Open FrankPortman opened 2 years ago
Hmm right, the problem is that the behaviour is different between the Python Kmeans
object and the C++ Clustering
object (that does not automatically set the INNER_PRODUCT index).
Since I think it would be quite disruptive to change the behavior, we should indeed make this very clear in the docstrings and wiki. Marking this as an enhancement, feel free to submit a PR if you wish.
When using spherical=True during Kmeans clustering, the centroids are normalized after each iteration.

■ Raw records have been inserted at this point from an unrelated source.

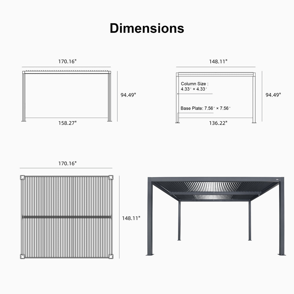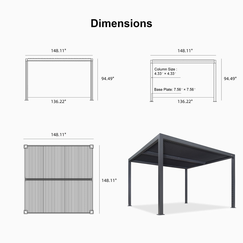 💜 Noted: In the case of high winds, snow or other extreme weather conditions, please open the louvers and raise or remove any shade screen accessories that have been installed to avoid potential damage to your pergola.
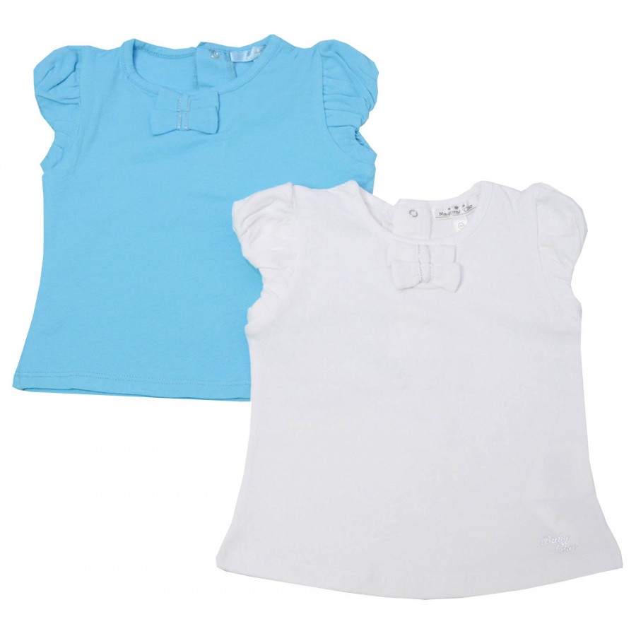 Комплект от два броя бебешки тениски за момиче в синьо и бяло.
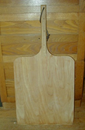 Most of the wooden peels you’ll find in the restaurants and stores have a wide paddle area with a simple tapered edge, extending about 3/4″ around the perimeter, top and bottom. The paddle itself consists of strips of soft wood, glued together, with an unstained finish. Sizes can vary from a few inches in diameter to rectangular beasts that are nearly 2’x3′, without the handle.
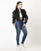 Make a bold fashion statement with our Black Wool & Black Leather Letterman Crop Top Jacket from JacketsByT, perfect for those who appreciate both style and quality craftsmanship.
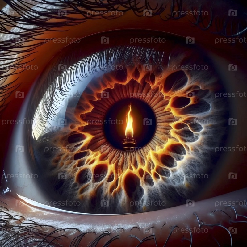 Экстремальное макро-отражание пламени в зрачку, Ai создал изображение
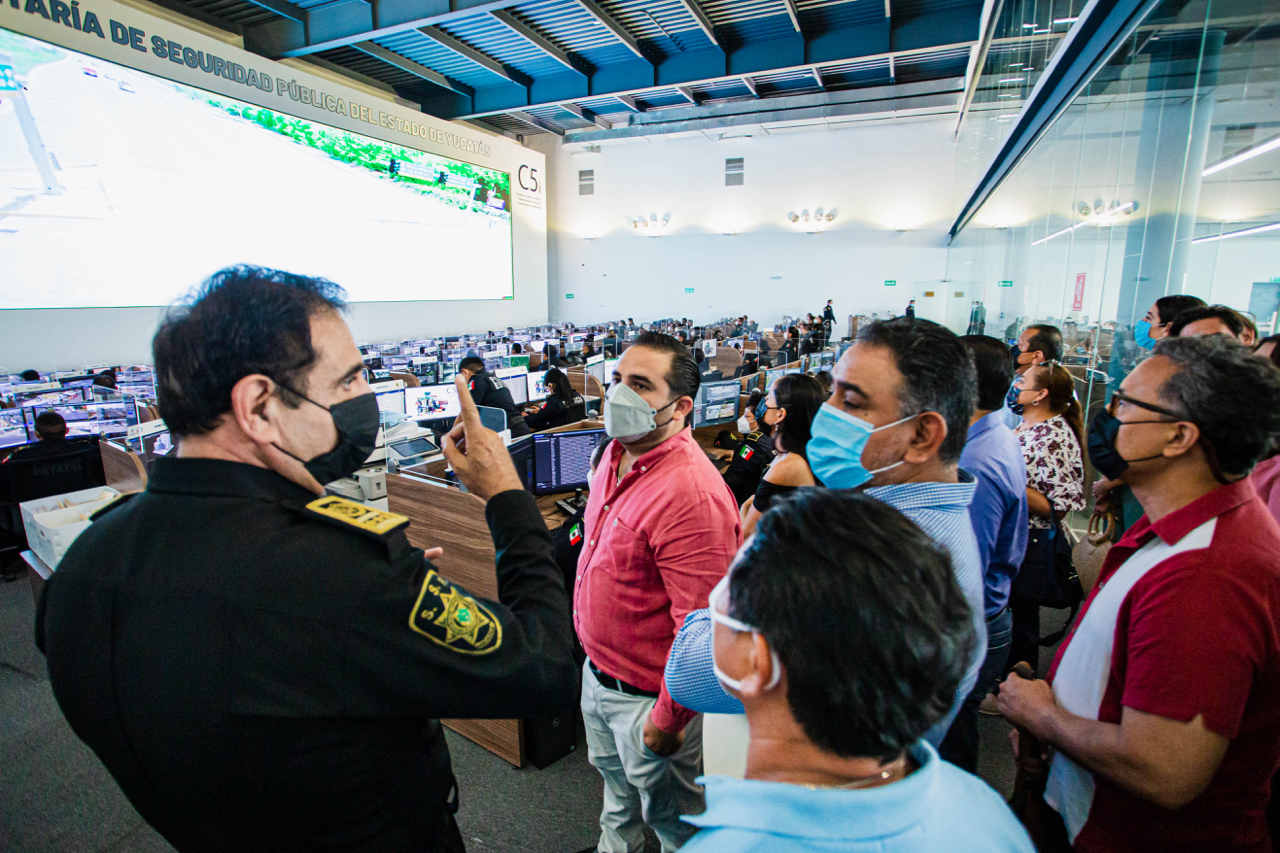 Un nutrido grupo de empresarios afiliados a la Asociación de Restaurantes de Valladolid ARVAY A.C., acudió a las instalaciones del C5i recientemente inaugurado para constatar el equipamiento tecnológico de vigilancia, como parte de la estrategia Yucatán Seguro. La visita guiada corrió a cargo del Secretario de Seguridad Pública, Luis Felipe Saidén Ojeda.
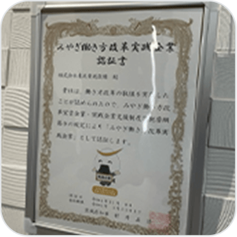 健康経営優良法人、みやぎ働き方改革実践企業のそれぞれの認証にともなう、積極的かつ継続的な健康経営への取組を行います。
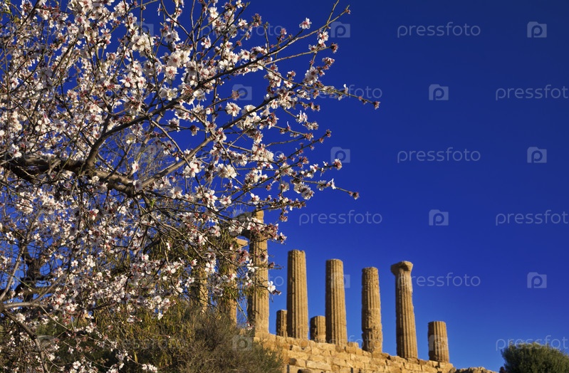 Италия, Сицилия, Агридженто, Долина греческих храмов, ветки миндаля и храм Джуно (480-420 до н.э.) на заднем плане

The documentation can be found here: https://github.com/facebookresearch/faiss/wiki/Faiss-building-blocks:-clustering,-PCA,-quantization
The same page also says:
However, under the hood KMeans with spherical=True we see it setting an InnerProduct index in the Python bindings: https://github.com/facebookresearch/faiss/blob/1e4586a5a0d7ceb8a538c4878d08b0623a676a08/faiss/python/__init__.py#L1661
and later maximizing the sum of inner products (where the code correctly handles that a higher inner product is better) here: https://github.com/facebookresearch/faiss/blob/26abede81245800c026bd96a386c51430c1f4170/faiss/Clustering.cpp#L537
To summarize the behavior, if you set spherical=True the objective that faiss Kmeans is optimizing and printing out is the sum of inner products of vectors to centroids (would be a sum of cosine sims if the vectors themselves were normed too).
I think Spherical KMeans is potentially synonymous with clustering via cosine/dot similarity as the distance metric, but it is ambiguous enough within this library that several in my org have been tripped up by this. In particular the objective going up for spherical=True could stand to be more clear in documentation.
Would you be open to some documentation and/or code (perhaps printing something?) changes to make this more clear? If you give me a few pointers on how you might prefer this to be cleared up I can make the change and put up a PR.